(DATA FOR PROCESSING)

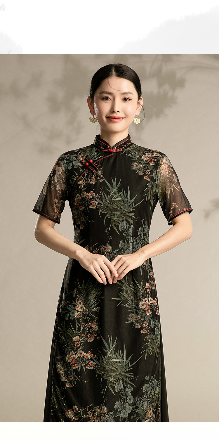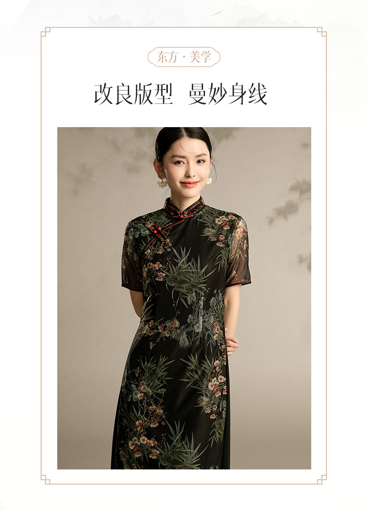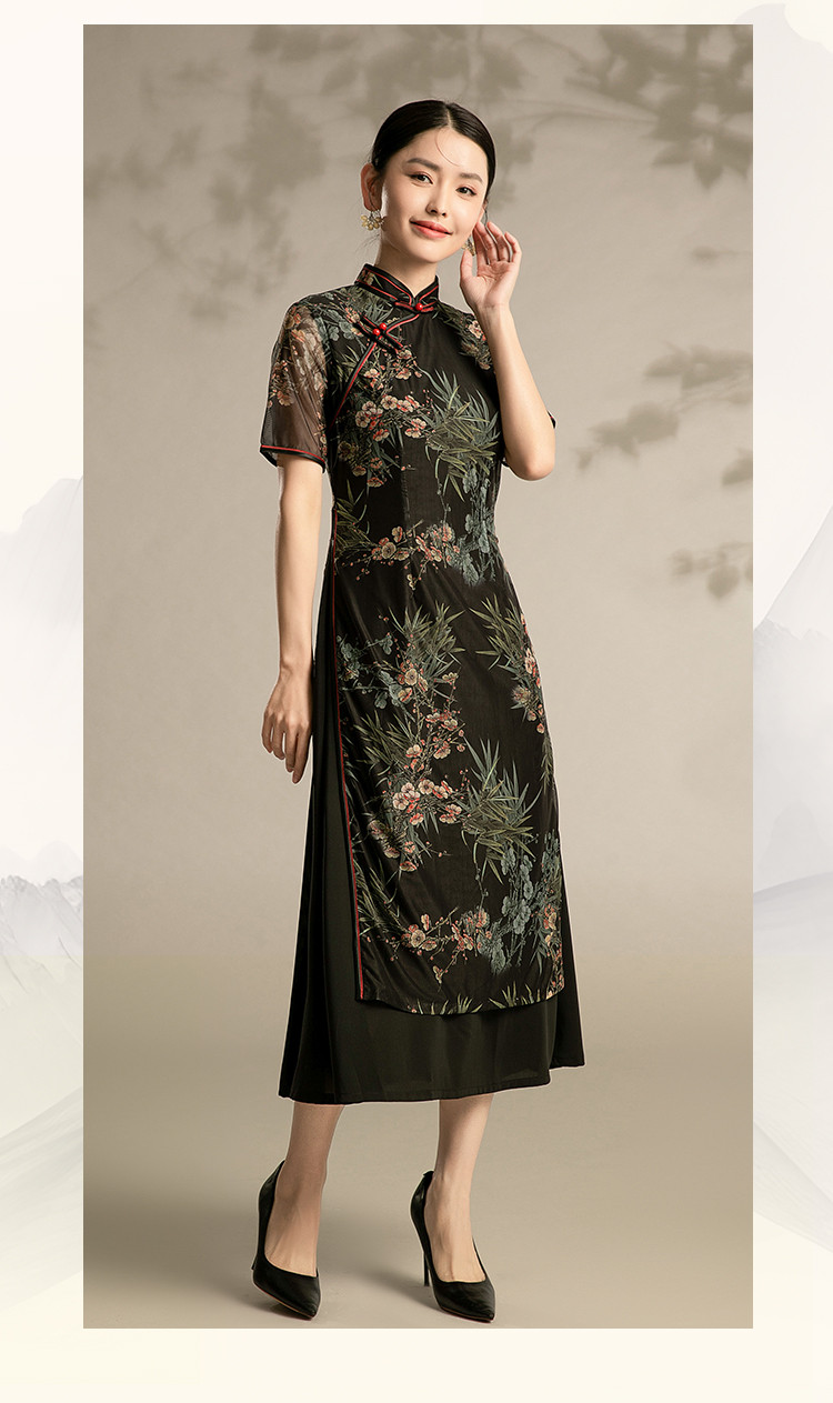 中式改良国风旗袍连衣裙春夏复古中国风显瘦旗袍 430559
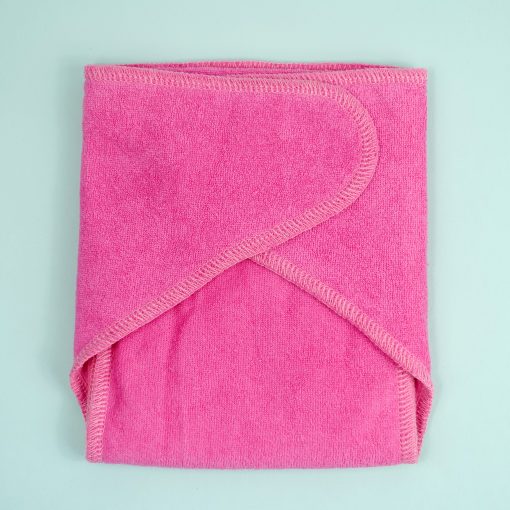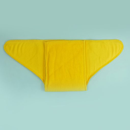 The long rectangular pad folds into three for a newborn and then into two as the baby grows, providing a customisable fit. Additionally, you can add boosters between the folds for extra absorbency, ensuring the nappy grows with your baby’s needs.
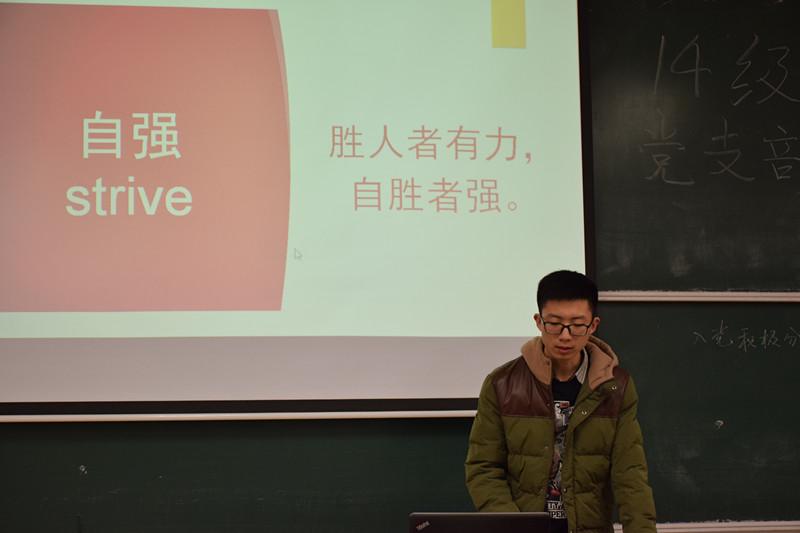 之后,会议在污污漫画 14级党支部书记冯攻关同志的主持下,进入了自由交流的阶段。很多同志为了交流不仅认真准备了演讲稿,更是制作了精致的PPT,用图文并茂的方式向大家介绍相关的知识,发表自己的见解。三位党员同学都就“勿忘国耻,振兴祖国”这一话题和大家交流了意见,他们向大家列举了大量的历史事实,阐述了应如何以史为鉴,在当今奋发图强的观点。他们慷慨激昂的演讲赢得了在座同志的掌声。会议临近结束时,在座的一位入党积极分子就自己的看法即兴发表了演讲,他结合当今中国存在的问题,提出我们在热情建设富强中国的同时,应该注意到发展中存在的问题并时刻保持清醒。他的讲话对本次会议起到了画龙点睛的作用。
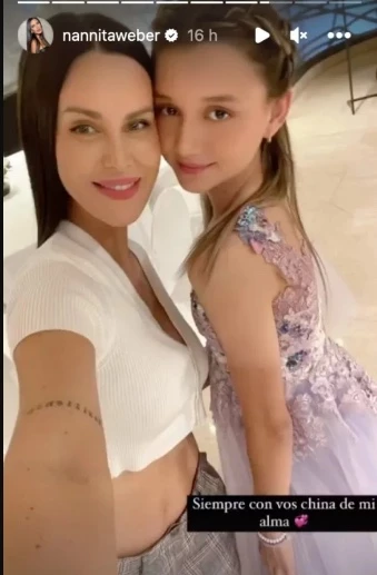 Por otro lado, la esposa de Zárate también compartió parte de una presentación, donde su hija se lució como bailarina y actriz. "Siempre con vos, china de mi alma", escribió, en una fotografía donde ambas lucen felices y muy compañeras, dando cuenta que el camino artístico de Mía recién comienza. La diseñadora a cargo del vestido de Mía fue Nuria Bueno y el desfile se realizó en el Sofitel de Recoleta.
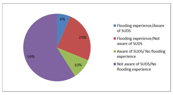 Pie chart illustrating the relationships between the experience of flooding and the claimed familiarity with SUDS (n = 61).
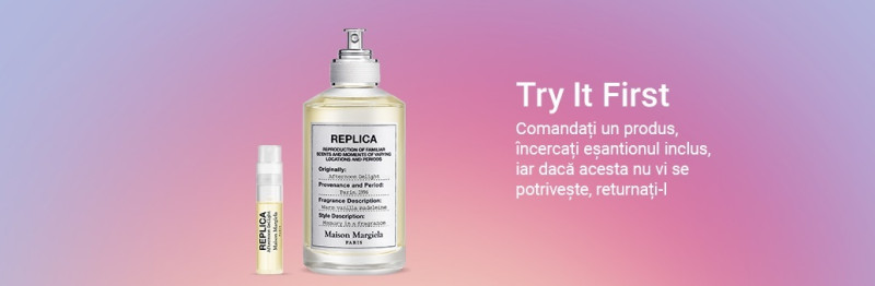 Try it First îți trimite o mostră alături de parfumul comandat, ca să poți returna produsul full-size, în cazul în care acesta nu este pe gustul tău. Apropo, returul se poate face gratuit în termen de 90 de zile, fără taxe sau justificări. O altă variantă de a testa noi produse este Discovery Box, care îți permite să achiziționezi oricare 5 mostre de pe site pentru doar 30 RON.
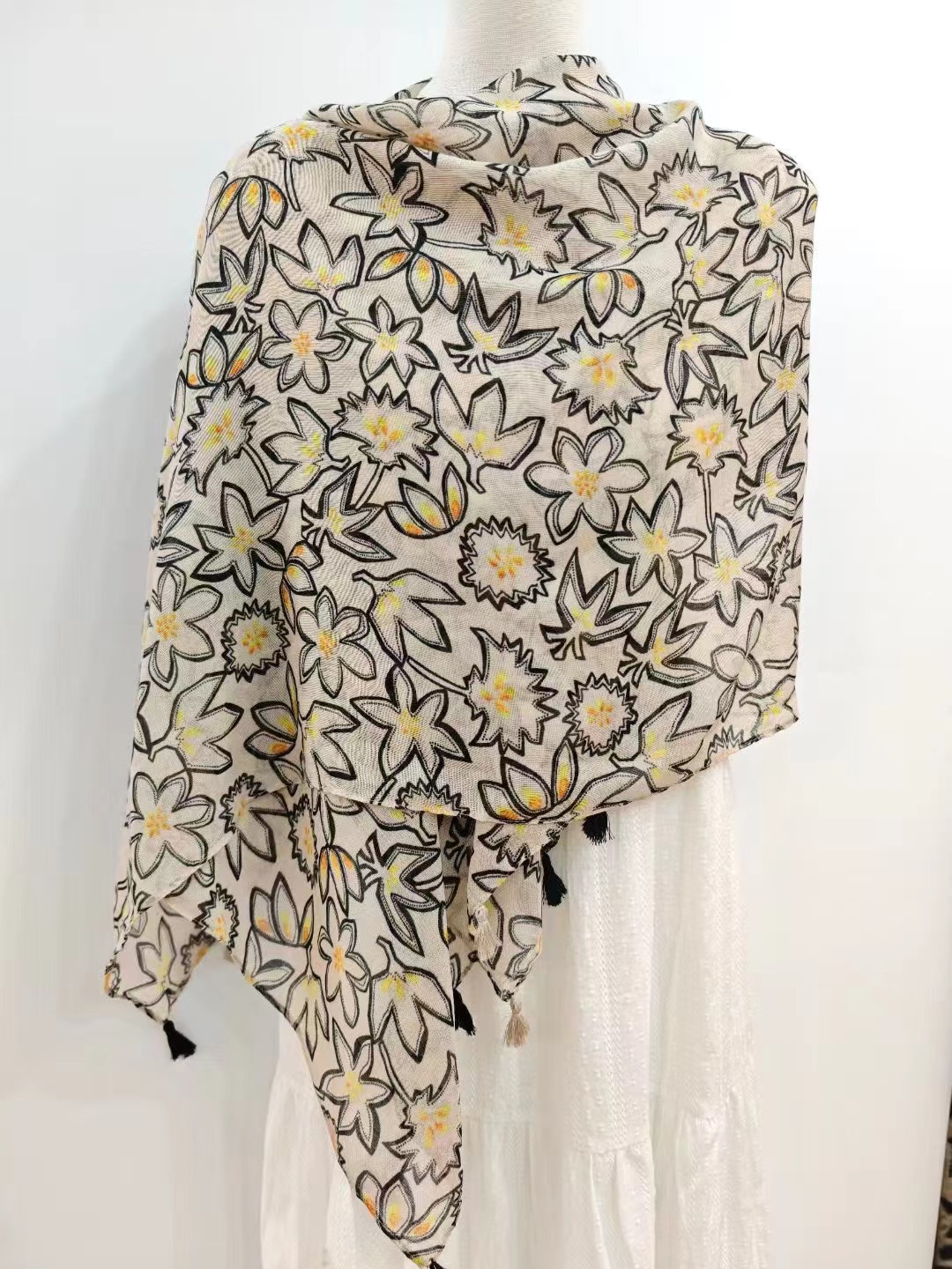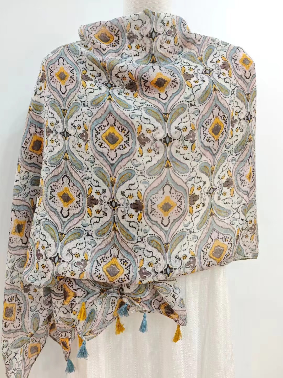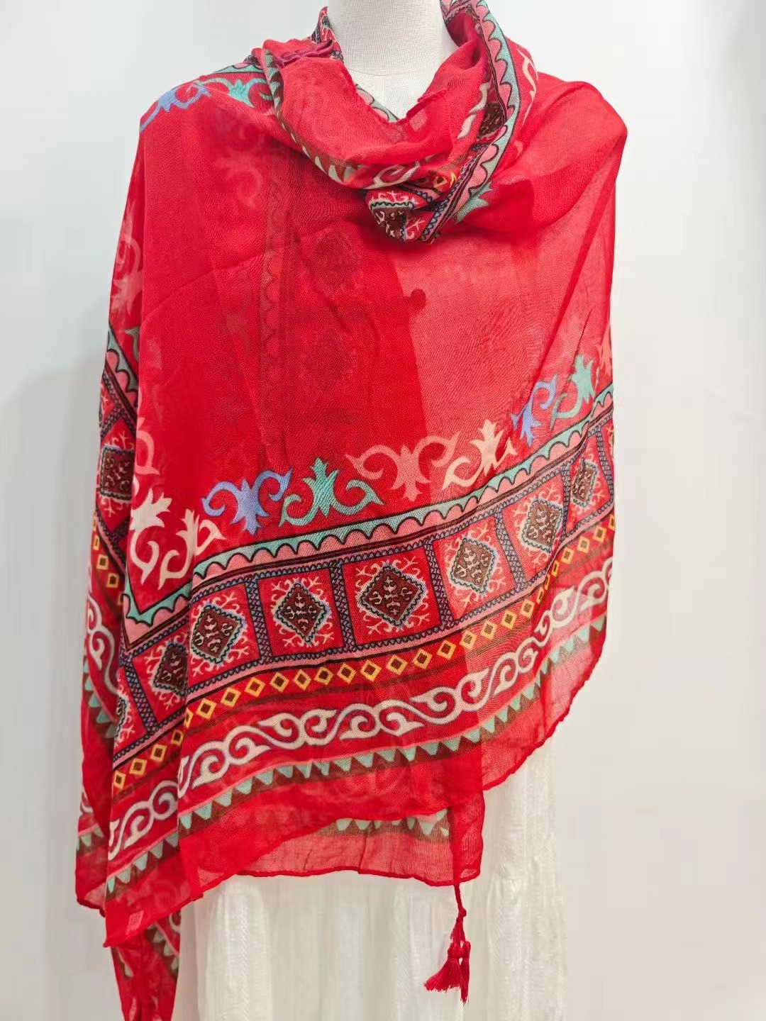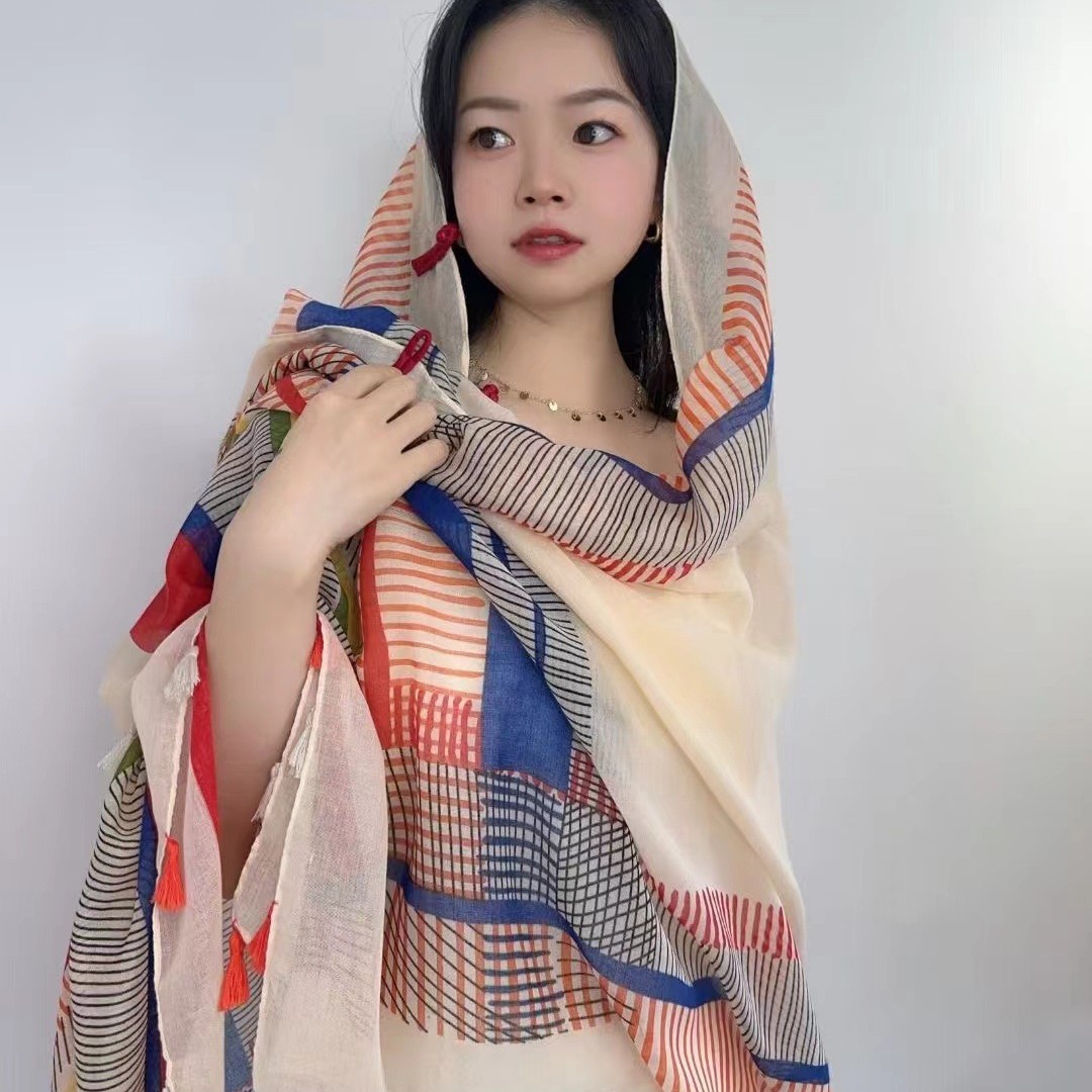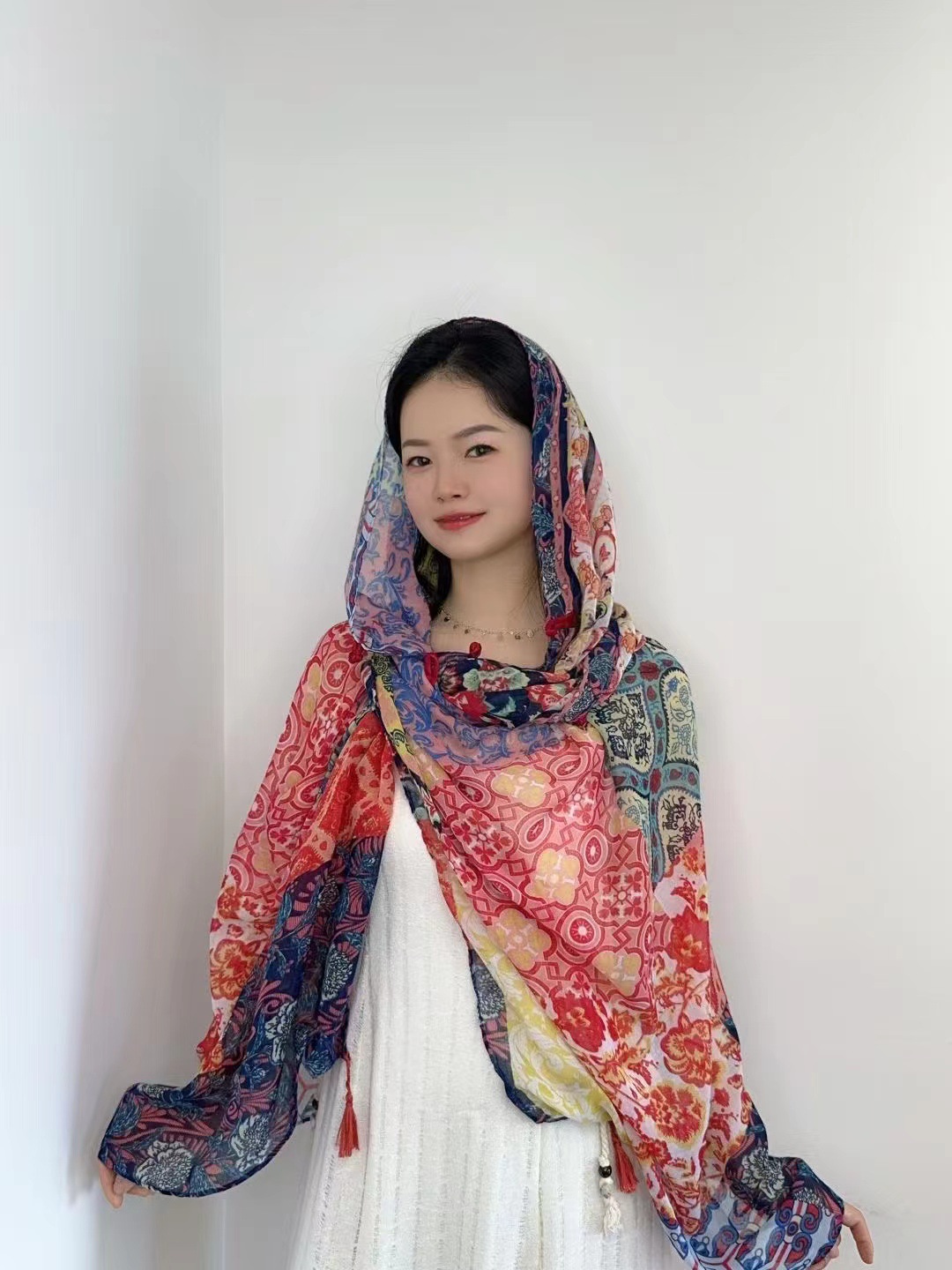 라이브 방송에서 가장 잘 팔리는 새로운 버클 여름 얇은 여행 숄 태슬 다용도 민족 스타일 실크 스카프 블라우스 비치 타월

(End DATA FOR PROCESSING)

WHAT IS NEEDED: All lines above are to be restated word for word, with pictures excluded.

EXPECTED ANSWER:
 中式改良国风旗袍连衣裙春夏复古中国风显瘦旗袍 430559
 The long rectangular pad folds into three for a newborn and then into two as the baby grows, providing a customisable fit. Additionally, you can add boosters between the folds for extra absorbency, ensuring the nappy grows with your baby’s needs.
 之后,会议在污污漫画 14级党支部书记冯攻关同志的主持下,进入了自由交流的阶段。很多同志为了交流不仅认真准备了演讲稿,更是制作了精致的PPT,用图文并茂的方式向大家介绍相关的知识,发表自己的见解。三位党员同学都就“勿忘国耻,振兴祖国”这一话题和大家交流了意见,他们向大家列举了大量的历史事实,阐述了应如何以史为鉴,在当今奋发图强的观点。他们慷慨激昂的演讲赢得了在座同志的掌声。会议临近结束时,在座的一位入党积极分子就自己的看法即兴发表了演讲,他结合当今中国存在的问题,提出我们在热情建设富强中国的同时,应该注意到发展中存在的问题并时刻保持清醒。他的讲话对本次会议起到了画龙点睛的作用。
 Por otro lado, la esposa de Zárate también compartió parte de una presentación, donde su hija se lució como bailarina y actriz. "Siempre con vos, china de mi alma", escribió, en una fotografía donde ambas lucen felices y muy compañeras, dando cuenta que el camino artístico de Mía recién comienza. La diseñadora a cargo del vestido de Mía fue Nuria Bueno y el desfile se realizó en el Sofitel de Recoleta.
 Pie chart illustrating the relationships between the experience of flooding and the claimed familiarity with SUDS (n = 61).
 Try it First îți trimite o mostră alături de parfumul comandat, ca să poți returna produsul full-size, în cazul în care acesta nu este pe gustul tău. Apropo, returul se poate face gratuit în termen de 90 de zile, fără taxe sau justificări. O altă variantă de a testa noi produse este Discovery Box, care îți permite să achiziționezi oricare 5 mostre de pe site pentru doar 30 RON.
 라이브 방송에서 가장 잘 팔리는 새로운 버클 여름 얇은 여행 숄 태슬 다용도 민족 스타일 실크 스카프 블라우스 비치 타월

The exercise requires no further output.